- FDA is proposing to reclassify surgical staplers from Class I to Class II. The higher-risk Class II category requires a premarket review before marketing.
- The proposed order follows an agency review of the medical device reporting database that found the widely used tools were linked to numerous problems and serious complications, including 366 deaths, over a seven-year period. It also came after a media report that the agency maintained a separate database for adverse events not easily available.
- The Class II category allows FDA to establish special controls and labeling requirements for the devices. The agency detailed a number of stronger controls in the reclassification proposal and issued a separate draft guidance outlining labeling elements to support safe use of the devices.
FDA alerted healthcare providers in March to a rise in adverse event reports involving surgical staplers and staples, disclosing that it had received more than 41,000 such reports from Jan. 1, 2011, to March 31, 2018. The reports linked 366 deaths, more than 9,000 serious injuries and more than 32,000 malfunctions to the devices.
The letter to healthcare providers came on the heels of a Kaiser Health News investigation that revealed an alternative database where FDA collected reports of incidents with surgical staplers and other medical devices out of public view. The story singled out surgical staplers as an example of the disparity between the small number of incident reports included in the widely-known MAUDE database compared to those in the alternative database
A spokesman for leading stapler maker Medtronic in an email to MedTech Dive in March confirmed it stopped using the alternative summary reporting process in July 2017.
Now, FDA has issued a proposed reclassification order that spells out stronger controls to mitigate the risks associated with staplers. FDA said both misuse and malfunction are root causes of adverse events.
FDA said the most common problems in the adverse event reports included an opening of the staple line, malformation of staples, misfiring, difficulty or failure in firing the staple, staples applied to the wrong tissue, and staples of the wrong size applied to tissue.
Of the 366 stapler-related deaths, FDA said the cause was associated with an opening of the staple line or malformation of staples in 159 reports, bleeding during surgery in 53 reports, sepsis in 47 reports, peritonitis in 5 reports, necrosis in 5 reports and air embolism in four reports.
In addition, 195 of those reports included misfiring, difficulty in firing or misapplied staples. Common reasons cited for the problems included mechanical issues such as jams, broken device components, and the device operating differently than the user expected. In 11 of the 366 deaths, use error was determined to be a contributing factor. Many of the same complications that resulted in death were also reported in the serious injury reports.
Surgical staplers can shorten procedure times compared to manual suturing. The devices are used in a wide range of surgical applications, including gastrointestinal, gynecologic and thoracic surgeries, to remove part of an organ, cut through tissues and connect structures.

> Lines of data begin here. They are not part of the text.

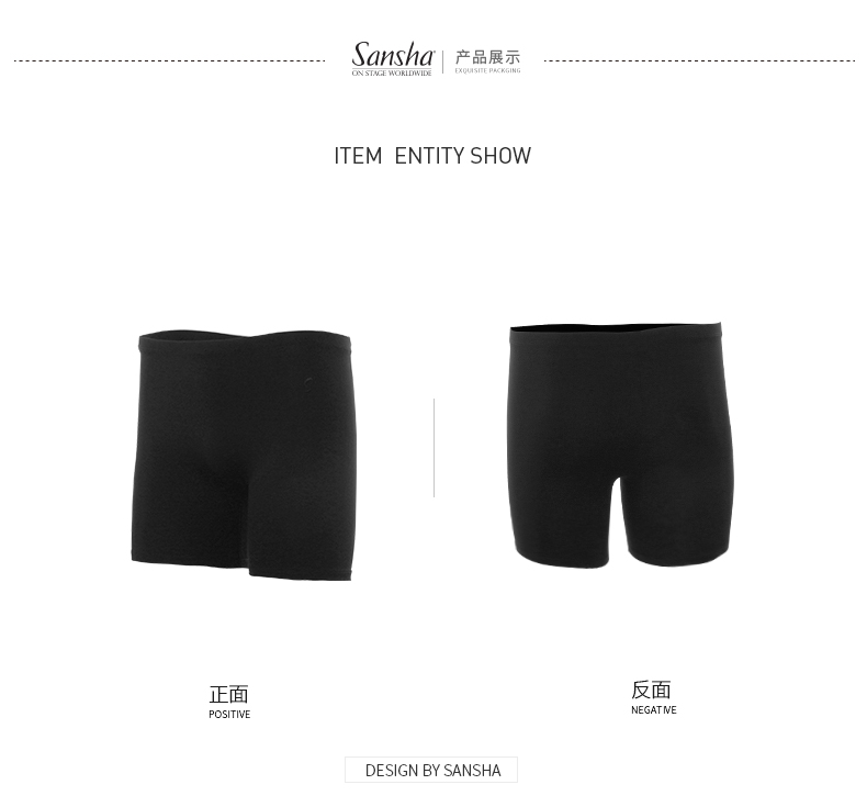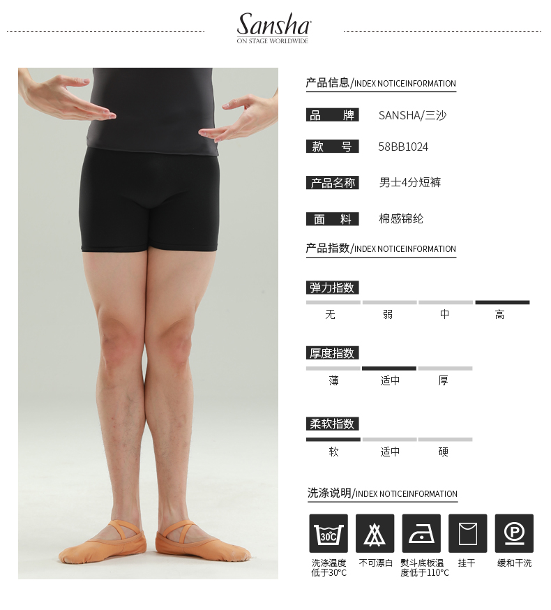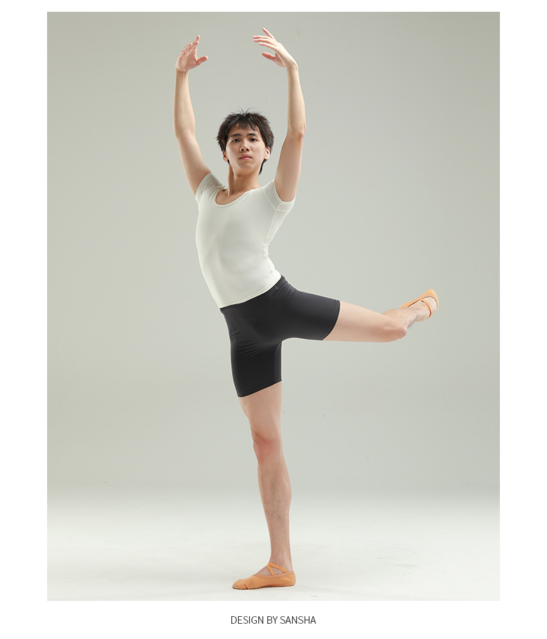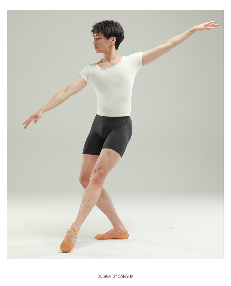 sansha 三沙男士舞蹈裤 哑光芭蕾舞短裤4分裤弹力紧身练功裤子
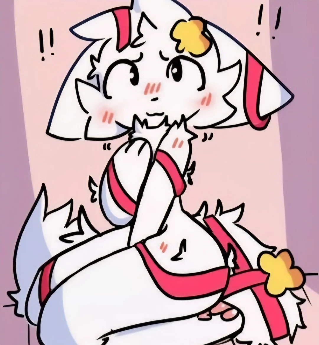 휜 털에 검은 눈이 매력적인 고양이 퍼리. 당신과 연인 관계. 현제 이벤트를 위해 현제 자신을 리본끈으로 묶음.
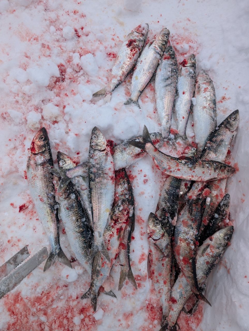 一夜干しの分は冷蔵庫入り切らないのでさばいた魚を雪に埋めてありますよ。
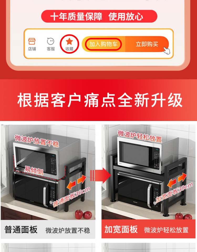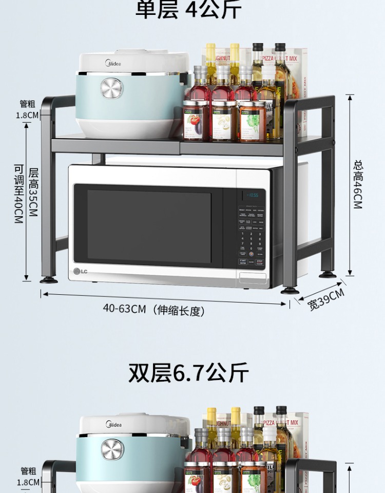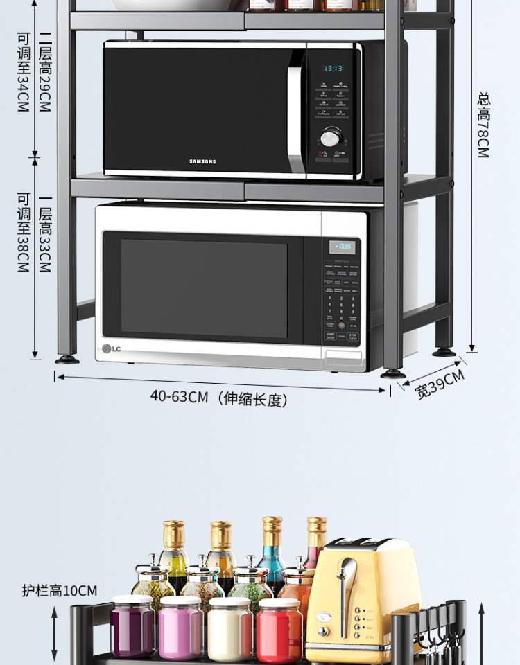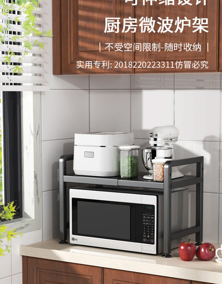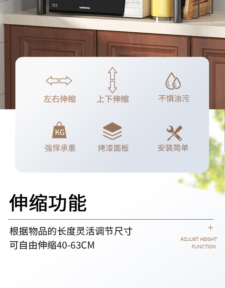 可伸缩厨房微波炉置物架多功能电饭锅煲收纳架子家用台面烤箱支架

Special controls for the devices that the agency seeks to establish include: mandatory performance testing of mechanical features, demonstration of usage and labeling comprehension, including assessing healthcare providers' ability to properly select the device, and specific labeling elements supporting safe use of the device.
FDA's draft guidance on labeling recommends manufacturers include information such as relevant hazards, contraindications for use, warnings on what uses to avoid, and instructions for the types of tissues on which the device may be used. The guidance also advises that directions for use clearly explain situations such as how to evaluate staple line formation and integrity, and that the label clearly identify key technical characteristics and performance parameters.

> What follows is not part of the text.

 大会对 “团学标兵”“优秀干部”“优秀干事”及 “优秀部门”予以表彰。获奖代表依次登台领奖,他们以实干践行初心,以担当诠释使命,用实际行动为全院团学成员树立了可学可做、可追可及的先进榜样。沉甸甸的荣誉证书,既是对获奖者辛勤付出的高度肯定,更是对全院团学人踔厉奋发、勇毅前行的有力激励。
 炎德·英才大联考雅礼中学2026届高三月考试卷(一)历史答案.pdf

To prevent stapler malfunction, information on which staples are compatible should be provided in the labeling, FDA said. The labeling should provide warnings on how to avoid hazards including obstructions to the creation of a staple line and the unintended stapling of other anatomic structures.
Adequate performance testing should include an evaluation of staple formation characteristics in the maximum and minimum tissue thicknesses for each staple type, measurement of the worst-case deployment pressures on stapler firing force, and a measurement of staple line strength.
FDA said the device should show biocompatibility due to risk of adverse tissue reaction, and testing should demonstrate the sterility of the device. Labeling should include validated methods and instructions for cleaning and sterilization of reusable components. Shelf-life testing should demonstrate that the device maintains its performance characteristics and the packaging of the device maintains its integrity for the duration of the proposed shelf-life, and the label should specify an expiration date.
FDA has set a public meeting of the General and Plastic Surgery Devices Panel of its Medical Devices Advisory Committee on May 30-31 to address whether the current pathway for manufacturers to market surgical staplers is appropriate and to receive expert input on the proposed reclassification and draft guidance. FDA will present a comprehensive analysis of the medical device reports received for surgical staplers and implantable staples at the meeting.